Figure 5a,b show the surface roughness and the surface height maps with different energy density respectively (i.e., S_a roughness, see ISO 25,178 [21] standard) [22]. As either fluence was increased, the surface became smoother. When the energy density was 1.35 J/cm² and 1.37 J/cm², the hills and valleys for the particles became less distinct. Although there were some fluctuations in Figure 5a, the overall trend of surface roughness decreased with the increase of fluence. As a result, the effect of metal melting forming was better under a higher energy density.

Then, the OASLM was used in the experiment. The energy density irradiating the surface of the metal powder was set to approximately 1.28 J/cm². Figure 6a–d, Figure 6e–h, Figure 6i–l show the pictures loaded on the OASLM, the corresponding printing results, and the printing results separated from the construction platform, respectively. The patterns were loaded into the complex pattern in turns. First, the word “光” was loaded on the OASLM. As shown in Figure 6e–l, the powder was well formed and could be peeled off the construction platform. Then, more complex images were loaded on the OASLM, as shown in Figure 6b–d. In Figure 6k, there are some misplaced when the printing results were separated from the construction platform by hand due to each letter of “SIOM” was independent of each other. From the results, we can see that the modulation from simple to complex pictures was well formed.
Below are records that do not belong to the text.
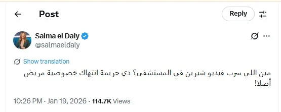 وتمتدّ القصة إلى نشر الإعلامية المصرية سلمى الدالي تدوينة استنكرت فيها ما وصفته بـ انتهاك خصوصية المريض، وتساءلت عن هوية الشخص الذي سرب هذا المحتوى من داخل المنشأة الطبية، ما زاد لدى بعض المتابعين الانطباع بأن الفيديو يعكس واقعًا حقيقيًا تعيشه الفنانة شيرين.
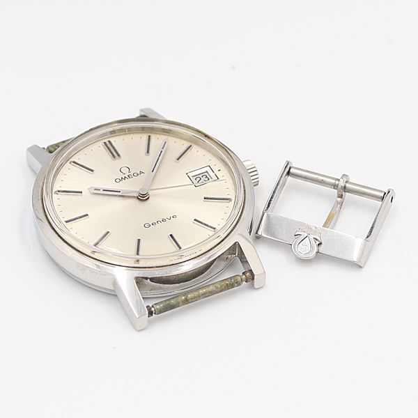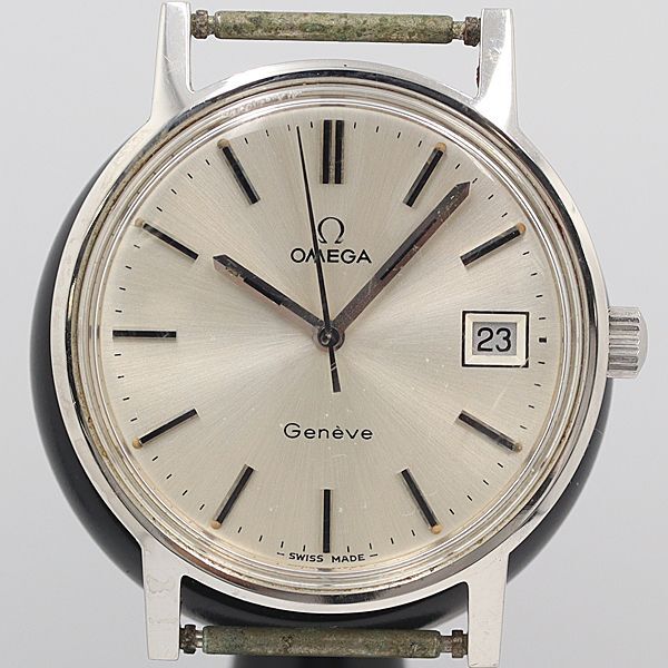 デッドストック級 稼働 良品 オメガ ジュネーブ デイト シルバー文字盤 手巻 トップのみ メンズ腕時計 OGH 19ABC5501000
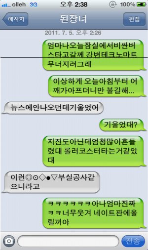 ?>??????이상한 특수문자와 함께...ㅋㅋ저런 알수없는 문자를 보내주셧음ㅋㅋㅋㅋㅋㅋㅋㅋㅋ
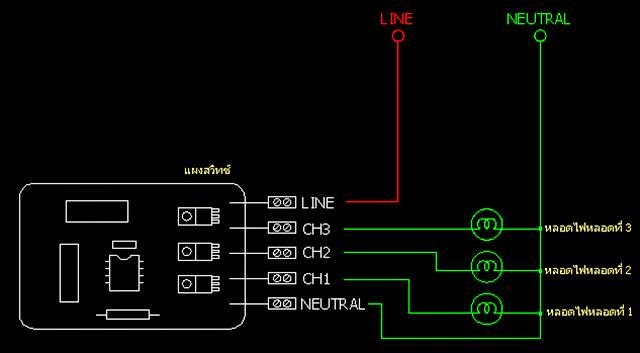รูปด้านล่างแสดงไดอะแกรมการต่อสวิทช์รีโมทเข้ากับหลอดไฟ 3 หลอด
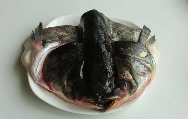 做法:1.将鱼头洗净切成两半,鱼头背相连。
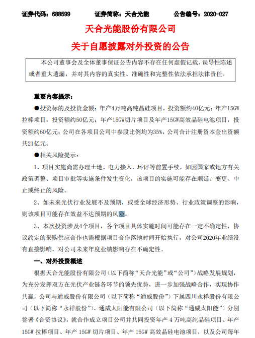 光伏產(chǎn)業(yè)鏈各環(huán)節(jié)的領(lǐng)先優(yōu)勢,進(jìn)一步加強(qiáng)戰(zhàn)略合作,實(shí)現(xiàn)協(xié)作共贏,天合光能與通威股份有限公司下屬四川永祥股份有限公司、通威太陽能有限公司分別簽署《合資協(xié)議》,就合作成立項(xiàng)目公司并共同投資年產(chǎn) 4 萬噸高純晶硅項(xiàng)目、年產(chǎn)15GW 拉棒項(xiàng)目、年產(chǎn) 15GW 切片項(xiàng)目、年產(chǎn) 15GW 高效晶硅電池項(xiàng)目,以及公司每年向合作項(xiàng)目公司采購高效晶硅電池等相關(guān)事項(xiàng)達(dá)成合作協(xié)議。根據(jù)協(xié)議約定,公司在各項(xiàng)目公司中參股比例均為35%,合計注冊資本出資額約為21億元。

Therefore, SE technology, a new laser AM method, can be realized by modulating the beam using the OASLM.

A resolution pattern image was loaded on the OASLM to analyze the resolution of the forming samples in this system, as shown in Figure 7a. Figure 7b shows the microscope images of forming resolution sample. It can be seen that the printing results in the red box were essentially the same as the shape of resolution plate, so it can be concluded that the resolution of metal formation in this system was about 100 μm. In this system, the limit factors of resolution of this system are the OASLM with the resolution of 50 μm and the particle size of powder. But there are errors caused by the offset of the image plane, and the surface flatness of laying the powder on the construction platform. These errors will be optimized to improve the resolution in subsequent studies.

6. Conclusions

In this study, we designed a nanosecond pulse laser optical system that can realize SE AM using an OASLM with a high damage threshold of 521 mJ/cm². The melting effect of tin powder under different laser energy densities was studied, and a melting experiment was performed with a laser energy density of 1.28 J/cm² irradiating the surface of the metal powder. The results show that SE AM can be realized using OASLM to modulate beams with different complexities. The minimum resolution of the entire optical system was approximately 100 μm. In the future, we aim to improve the powder-spreading system, which is expected to be able to achieve stereostructure printing of metallic materials. Also, we are developing a high damage threshold (>1 J/cm²) OASLM, which can be used in other metal SE AM applications.